ACTIVITY
Look for the line containing "Obraz premium Abstract, artistic" and the line containing "愛妮雅化妝品集團總裁特助陳子" in the entries below. Copy those two and all lines between them exactly, leaving out pictures.

INPUT FOR THIS TASK
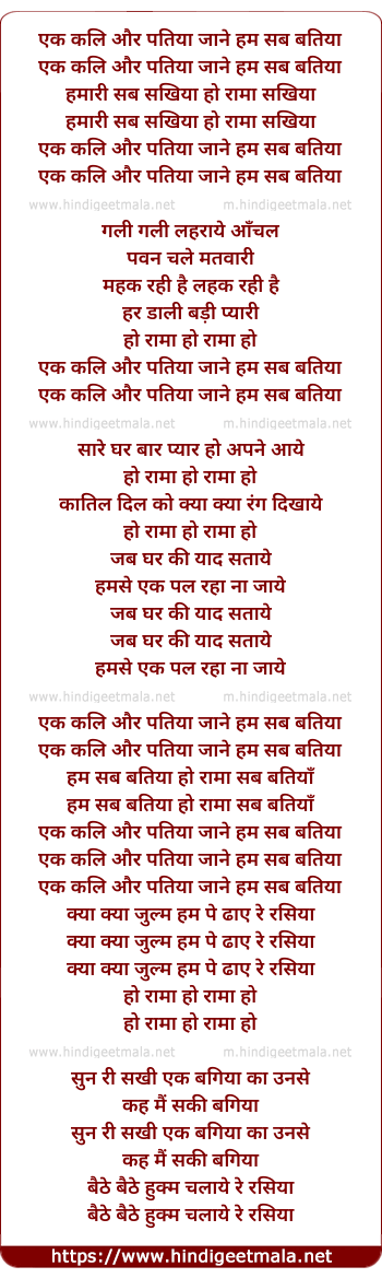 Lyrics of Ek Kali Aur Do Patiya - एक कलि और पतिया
---
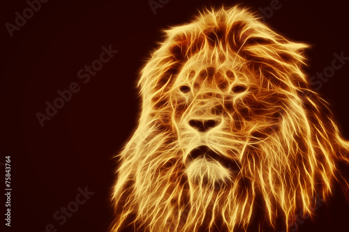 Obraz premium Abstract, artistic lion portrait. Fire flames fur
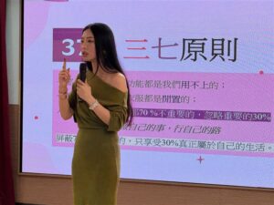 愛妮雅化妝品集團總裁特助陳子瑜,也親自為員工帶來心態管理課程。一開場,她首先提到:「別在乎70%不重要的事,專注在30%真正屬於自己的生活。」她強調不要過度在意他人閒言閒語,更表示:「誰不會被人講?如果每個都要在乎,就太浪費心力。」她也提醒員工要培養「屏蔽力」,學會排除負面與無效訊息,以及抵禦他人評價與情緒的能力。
==
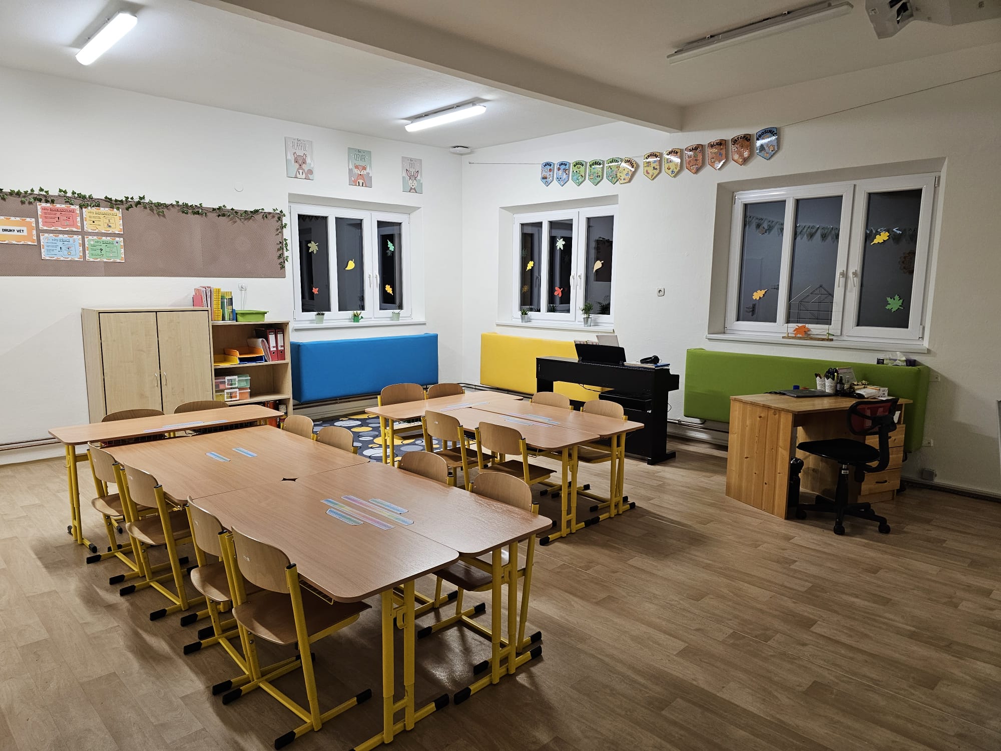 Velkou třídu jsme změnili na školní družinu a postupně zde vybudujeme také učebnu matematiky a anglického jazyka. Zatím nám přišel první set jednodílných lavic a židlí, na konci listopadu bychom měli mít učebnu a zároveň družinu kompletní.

EXERCISE RESULT
 Obraz premium Abstract, artistic lion portrait. Fire flames fur
 愛妮雅化妝品集團總裁特助陳子瑜,也親自為員工帶來心態管理課程。一開場,她首先提到:「別在乎70%不重要的事,專注在30%真正屬於自己的生活。」她強調不要過度在意他人閒言閒語,更表示:「誰不會被人講?如果每個都要在乎,就太浪費心力。」她也提醒員工要培養「屏蔽力」,學會排除負面與無效訊息,以及抵禦他人評價與情緒的能力。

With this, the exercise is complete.